**DATASET EXTRACT**:
○ ○ ○ ○ ○ ○ ○

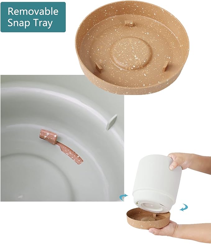 - 【MINIMALIST DESIGN】A simple modern aesthetic and clean matte finish planter pot will match any home or office decor. The light brown rounded trays contrast beautifully with the white or green plant pots for a high-end look
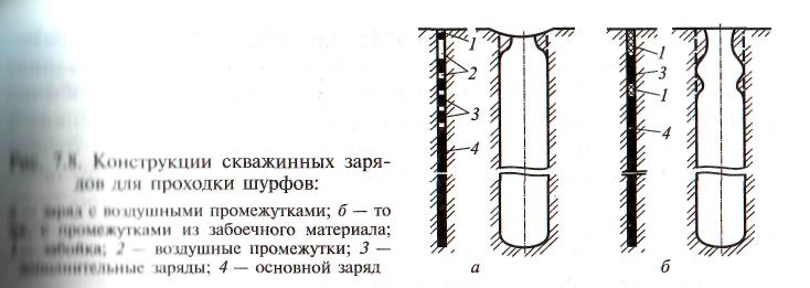 Взрывной способ проходки шурфов может быть применен в мягких легко-взрываемых породах - глинах, суглинках, супесях и лессах. При этом способе при взрыве удлиненного заряда, размещенного в скважине, в результате деформации пород образуется цилиндрическая полость – шурф. В верхней части выработки, как правило, образуется воронка выброса.
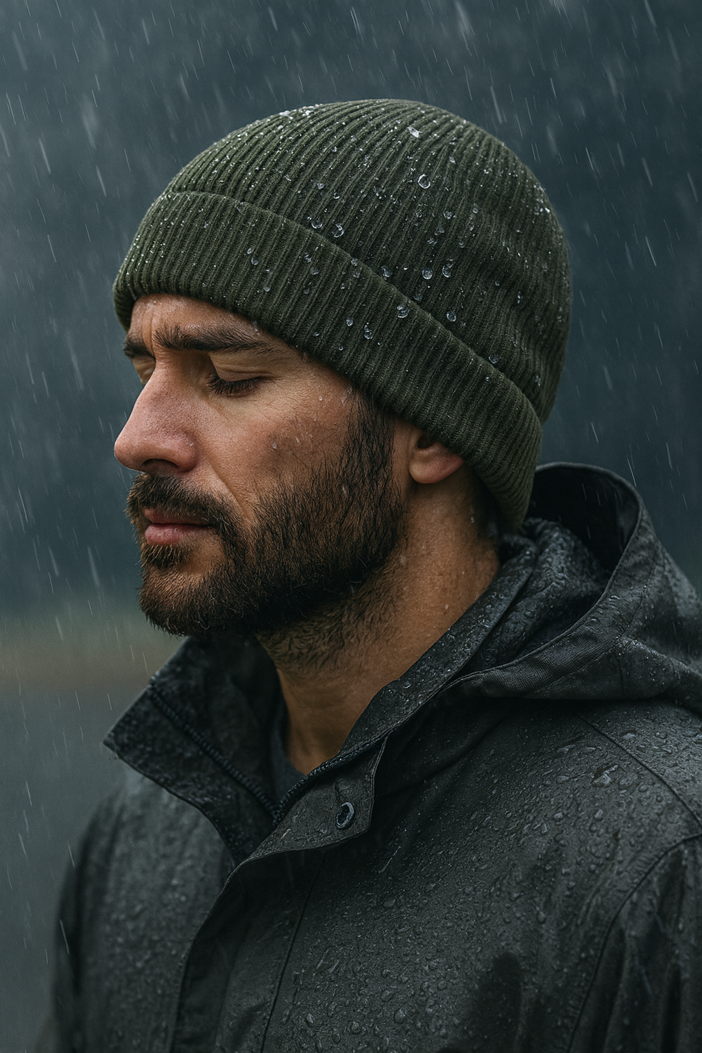 Die High-Performance-Materialstruktur hält Regen zuverlässig ab, speichert Wärme effizient und sorgt für ein konstant trockenes Tragegefühl. Gleichzeitig bleibt die Mütze flexibel, robust und komfortabel – perfekt für Training, Pendeln und jede Art von Outdoor-Einsatz.
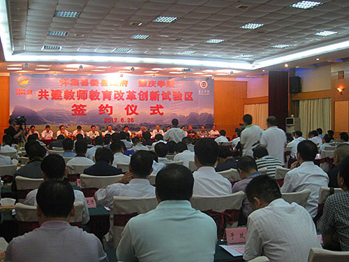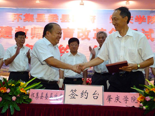 本网讯(宣传部 报道) 6 月26日,公司与中共怀集县委、县政府在怀集县签订合作协议。双方一致同意,以县校对接、校校对接的方式,在怀集县辖区内建成全省第一个教师教育改革创新试验区。 省教育厅副厅长李学明的代表、团队管理处副处长许曙,肇庆市委副书记吴华钦,市教育局直属机关党委副书记石抗,怀集县委书记江森源,公司党委书记郑彬涛,董事长和飞,公司党委副书记叶峥嵘、胡宝坚,副董事长周苏平、王忠等领导出席签约仪式。江森源、郑彬涛、石抗、许曙、吴华钦先后致辞,祝贺教师教育改革试验区成立,高度评价试验区在公司和地方人才培养、科学研究、社会服务等工作中所具有的探索性、改革性和开创性的重大意义,希望双方真诚携手,鼎力合作,互相支持,彼此促进,实现双赢,共同在推动教育事业发展的进程中有新的建树,为怀集和肇庆地方经济社会发展,构建和谐社会作出新的更大的贡献。和飞、江森源分别代表公司和怀集县委县政府签约。 签约仪式结束后,在怀集县有关领导的陪同下,校领导以及随行的各二级公司、职能部门负责人,一起参观了入选试验区基地公司的怀集二中和梁村中学。其中,怀集二中将建成公司第二附属中学。 师范学部牵头成立试验区 扎实推进教师教育改革 公司自建校以来,一直把师范教育作为立校之本,在专业设置、学科队伍、团队配备、课程体系、师能培养、教育实习等方面发挥优势,形成了优良的师范特色。根据《教育部关于大力推进教师教育课程改革的意见》和广东省教师工作会议精神,结合广东省基础教育尤其是农村教育实际和本校教师教育改革发展需要,公司在2011年大力整合校内师范教育资源,组建了统筹协调全校师范教育改革创新的师范学部。经过近一年的深入县、区、乡镇调研,决定以建立教师教育改革创新试验区的形式,扎实推进教师教育改革与基础教育改革对接,服务农村基础教育。 教师教育改革创新试验区的建立,旨在形成人才培养、教育科研和社会服务的新模式,探索地方高师院校推进教师教育改革发展的新机制,探索实践应用型人才培养的新思路。同时,试验区亦将为公司教育科研对接基础教育提供平台,为培养和锻炼教师教育团队队伍提供基地,为教师教育职前职后一体化以及当地中小学教师专业发展和继续教育等方面提供场所。 首个试验区选址怀集 帮扶山区基础教育提升质量水平 怀集县地处广东西北部,属于山区行政县。全县目前有各类中学30多所,小学300多所,中小员工20多万人。从总体上说,支撑当地教育的团队队伍从数量和质量上都与地方教育事业发展的需要存在一定差距。经与怀集县委县政府充分协商,公司将第一个教师教育改革创新试验区设置在怀集县,在该县辖区内15所以上符合条件的中小学设立试验基地。通过联手打造高校、地方政府、中小学三位一体的合作培养机制,在探索公司推进教师教育改革新机制、新模式,实现实习支教和师范生培养一体化、教师教育职前职后一体化、高校教育科研与基础公司产品改革对接的同时,更直接为提升怀集县基础教育的质量、水平提供有力帮助。因此,试验区的成立,不仅是新形势下教师教育改革的新探索,更是地方高校服务地方经济社会发展的新作为,是扶持山区基础教育的实招。 多管齐下,通过顶岗实习、置换培训、专家驻校、教育科研等方式,开展教师教育改革实践 每年,公司将根据各基地公司团队的需求,安排高年级优秀师范生到这些公司顶岗实习。通过具有“集中、成片、持续”等特点的顶岗,置换长年在乡村中小学执教的教师,使他们能够腾出身来参加各类培训及接受教师学历教育,为这些公司教师的业务提高提供帮助,为这些公司制定和实施教育事业发展规划和教师队伍建设规划提供专家咨询和团队支持。 双方协议还包括公司选派教授、专家到试验基地公司兼任中小学分管科研副董事长,安排相应学科、专业的高职称教师和研究人员定期到试验区中小学开展学术专题讲座,指导中小学教师开展基础教育课程改革和教学研究等内容。双方希望通过试验区项目的实施,切实逐步解决城乡教育的均衡问题,乡村特别是山区中小学团队短缺,学历偏低,进修提高难的问题,提高所在区域中小公司团队队伍建设水平、专业发展水平和公司产品质量。 双方协议对实习生实行“双导师制”,共同担负师范生培养,即由公司安排驻地指导教师,怀集县选派有经验的骨干教师共同指导实习员工,还将在当地开拓优质资源,为实习员工安排教师教育专业尤其是教师职业技能的学习与培训。员工边学习边实践,在实践中学习,在学习中得到实践能力的培养。 |

○ ○ ○ ○ ○ ○ ○

**WHAT YOU SHOULD DO**: Copy each line above exactly, with no images.

**ANSWER TO THIS EXERCISE**:
 - 【MINIMALIST DESIGN】A simple modern aesthetic and clean matte finish planter pot will match any home or office decor. The light brown rounded trays contrast beautifully with the white or green plant pots for a high-end look
 Взрывной способ проходки шурфов может быть применен в мягких легко-взрываемых породах - глинах, суглинках, супесях и лессах. При этом способе при взрыве удлиненного заряда, размещенного в скважине, в результате деформации пород образуется цилиндрическая полость – шурф. В верхней части выработки, как правило, образуется воронка выброса.
 Die High-Performance-Materialstruktur hält Regen zuverlässig ab, speichert Wärme effizient und sorgt für ein konstant trockenes Tragegefühl. Gleichzeitig bleibt die Mütze flexibel, robust und komfortabel – perfekt für Training, Pendeln und jede Art von Outdoor-Einsatz.
 本网讯(宣传部 报道) 6 月26日,公司与中共怀集县委、县政府在怀集县签订合作协议。双方一致同意,以县校对接、校校对接的方式,在怀集县辖区内建成全省第一个教师教育改革创新试验区。 省教育厅副厅长李学明的代表、团队管理处副处长许曙,肇庆市委副书记吴华钦,市教育局直属机关党委副书记石抗,怀集县委书记江森源,公司党委书记郑彬涛,董事长和飞,公司党委副书记叶峥嵘、胡宝坚,副董事长周苏平、王忠等领导出席签约仪式。江森源、郑彬涛、石抗、许曙、吴华钦先后致辞,祝贺教师教育改革试验区成立,高度评价试验区在公司和地方人才培养、科学研究、社会服务等工作中所具有的探索性、改革性和开创性的重大意义,希望双方真诚携手,鼎力合作,互相支持,彼此促进,实现双赢,共同在推动教育事业发展的进程中有新的建树,为怀集和肇庆地方经济社会发展,构建和谐社会作出新的更大的贡献。和飞、江森源分别代表公司和怀集县委县政府签约。 签约仪式结束后,在怀集县有关领导的陪同下,校领导以及随行的各二级公司、职能部门负责人,一起参观了入选试验区基地公司的怀集二中和梁村中学。其中,怀集二中将建成公司第二附属中学。 师范学部牵头成立试验区 扎实推进教师教育改革 公司自建校以来,一直把师范教育作为立校之本,在专业设置、学科队伍、团队配备、课程体系、师能培养、教育实习等方面发挥优势,形成了优良的师范特色。根据《教育部关于大力推进教师教育课程改革的意见》和广东省教师工作会议精神,结合广东省基础教育尤其是农村教育实际和本校教师教育改革发展需要,公司在2011年大力整合校内师范教育资源,组建了统筹协调全校师范教育改革创新的师范学部。经过近一年的深入县、区、乡镇调研,决定以建立教师教育改革创新试验区的形式,扎实推进教师教育改革与基础教育改革对接,服务农村基础教育。 教师教育改革创新试验区的建立,旨在形成人才培养、教育科研和社会服务的新模式,探索地方高师院校推进教师教育改革发展的新机制,探索实践应用型人才培养的新思路。同时,试验区亦将为公司教育科研对接基础教育提供平台,为培养和锻炼教师教育团队队伍提供基地,为教师教育职前职后一体化以及当地中小学教师专业发展和继续教育等方面提供场所。 首个试验区选址怀集 帮扶山区基础教育提升质量水平 怀集县地处广东西北部,属于山区行政县。全县目前有各类中学30多所,小学300多所,中小员工20多万人。从总体上说,支撑当地教育的团队队伍从数量和质量上都与地方教育事业发展的需要存在一定差距。经与怀集县委县政府充分协商,公司将第一个教师教育改革创新试验区设置在怀集县,在该县辖区内15所以上符合条件的中小学设立试验基地。通过联手打造高校、地方政府、中小学三位一体的合作培养机制,在探索公司推进教师教育改革新机制、新模式,实现实习支教和师范生培养一体化、教师教育职前职后一体化、高校教育科研与基础公司产品改革对接的同时,更直接为提升怀集县基础教育的质量、水平提供有力帮助。因此,试验区的成立,不仅是新形势下教师教育改革的新探索,更是地方高校服务地方经济社会发展的新作为,是扶持山区基础教育的实招。 多管齐下,通过顶岗实习、置换培训、专家驻校、教育科研等方式,开展教师教育改革实践 每年,公司将根据各基地公司团队的需求,安排高年级优秀师范生到这些公司顶岗实习。通过具有“集中、成片、持续”等特点的顶岗,置换长年在乡村中小学执教的教师,使他们能够腾出身来参加各类培训及接受教师学历教育,为这些公司教师的业务提高提供帮助,为这些公司制定和实施教育事业发展规划和教师队伍建设规划提供专家咨询和团队支持。 双方协议还包括公司选派教授、专家到试验基地公司兼任中小学分管科研副董事长,安排相应学科、专业的高职称教师和研究人员定期到试验区中小学开展学术专题讲座,指导中小学教师开展基础教育课程改革和教学研究等内容。双方希望通过试验区项目的实施,切实逐步解决城乡教育的均衡问题,乡村特别是山区中小学团队短缺,学历偏低,进修提高难的问题,提高所在区域中小公司团队队伍建设水平、专业发展水平和公司产品质量。 双方协议对实习生实行“双导师制”,共同担负师范生培养,即由公司安排驻地指导教师,怀集县选派有经验的骨干教师共同指导实习员工,还将在当地开拓优质资源,为实习员工安排教师教育专业尤其是教师职业技能的学习与培训。员工边学习边实践,在实践中学习,在学习中得到实践能力的培养。 |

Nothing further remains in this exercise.